**EXERCISE AIM:**
Restate the full listing word for word and leave the pictures out.
-- INPUT DATA follows --
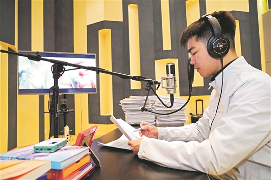 图为“光明影院”志愿者在进行无障碍电影讲述配音(12月1日摄)。
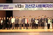 [한국기자연대] 충북 괴산군은 29일 괴산군 문화예술회관에서 ‘제13회 괴산군 사회복지의 날 기념행사’를 개최했다고 밝혔다. 이번 행사는 괴산군사회복지협의회(회장 고명성) 주관으로 열렸으며, 송인헌 괴산군수를 비롯한 사회복지시설 종사자 등 200여 명이 참석한 가운데 사회복지인의 노고를 격려하고 화합을 다지는 자리로 마련됐다. 행사는 장연지역아동센터 합창단의 식전공연을 시작으로, 괴산군사회복지협의회 회장 이·취임식, 유공자 표창, 인사말, 퍼포먼스 순으로 진행됐다. 이날 이·취임식에서는 최은묵 전 회장에 이어 고명성 신임 회장이 취임했으며, 유공자 표창 수여식에서는 지역 사회복지 증진에 기여한 12명이 표창을 받았다. △군수 표창은 배기만(괴산지역자활센터), 이정자(성제노의집), 심서경(괴산재가복지센터), 이충정(괴산군노인복지관), 안미경(청천재활원), 천병주(수달지역아동센터), 이봉우(햇살재가복지센터), 이정민(괴산군 가족행복과) 등 8명이 수상했다. △군의장 표창은 신미경(괴산지역자활센터), 이만형(청천재활원) 등 2명, △괴산군사회복지협의회장 표창은 조경옥(청주사랑나눔기초푸드뱅크)
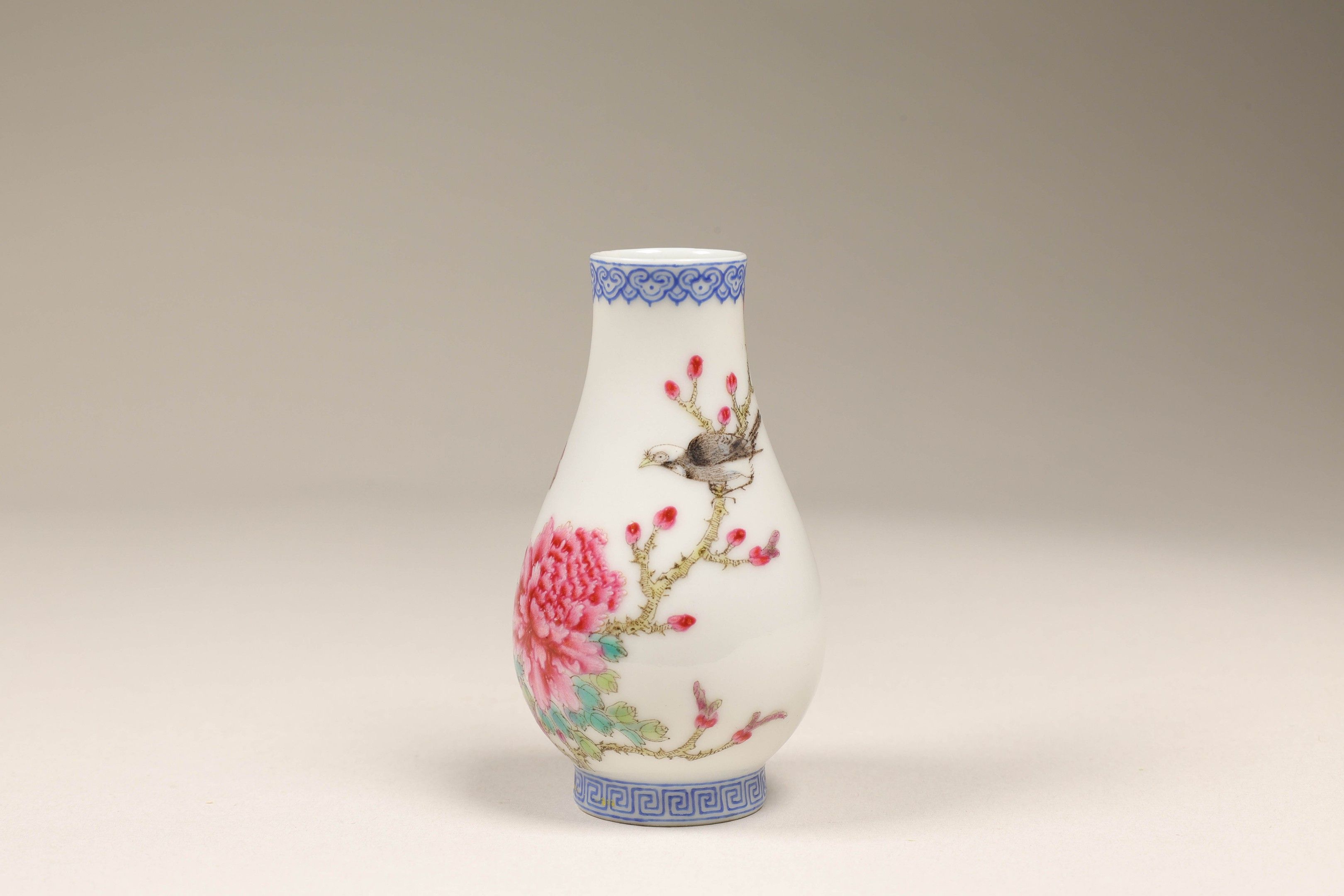 A baluster-shaped miniature porcelain vase decorated in polychrome enamels with a blackbird on a peony branch. A four-character "Le Gu Tang" ( ) mark under the base.
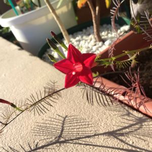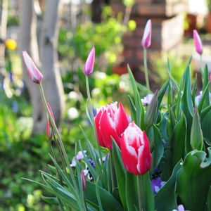 私の庭に、 この春3種類目のチューリップが咲きました🌷 真っ赤な八重の花、 フリンジたっぷり。 背は低めです。 名前は、メイウッド。 秋にパッケージの写真を見て一目惚れして買いました❤️
-- INPUT DATA concluded --
**TASK SOLUTION:**
 图为“光明影院”志愿者在进行无障碍电影讲述配音(12月1日摄)。
 [한국기자연대] 충북 괴산군은 29일 괴산군 문화예술회관에서 ‘제13회 괴산군 사회복지의 날 기념행사’를 개최했다고 밝혔다. 이번 행사는 괴산군사회복지협의회(회장 고명성) 주관으로 열렸으며, 송인헌 괴산군수를 비롯한 사회복지시설 종사자 등 200여 명이 참석한 가운데 사회복지인의 노고를 격려하고 화합을 다지는 자리로 마련됐다. 행사는 장연지역아동센터 합창단의 식전공연을 시작으로, 괴산군사회복지협의회 회장 이·취임식, 유공자 표창, 인사말, 퍼포먼스 순으로 진행됐다. 이날 이·취임식에서는 최은묵 전 회장에 이어 고명성 신임 회장이 취임했으며, 유공자 표창 수여식에서는 지역 사회복지 증진에 기여한 12명이 표창을 받았다. △군수 표창은 배기만(괴산지역자활센터), 이정자(성제노의집), 심서경(괴산재가복지센터), 이충정(괴산군노인복지관), 안미경(청천재활원), 천병주(수달지역아동센터), 이봉우(햇살재가복지센터), 이정민(괴산군 가족행복과) 등 8명이 수상했다. △군의장 표창은 신미경(괴산지역자활센터), 이만형(청천재활원) 등 2명, △괴산군사회복지협의회장 표창은 조경옥(청주사랑나눔기초푸드뱅크)
 A baluster-shaped miniature porcelain vase decorated in polychrome enamels with a blackbird on a peony branch. A four-character "Le Gu Tang" ( ) mark under the base.
 私の庭に、 この春3種類目のチューリップが咲きました🌷 真っ赤な八重の花、 フリンジたっぷり。 背は低めです。 名前は、メイウッド。 秋にパッケージの写真を見て一目惚れして買いました❤️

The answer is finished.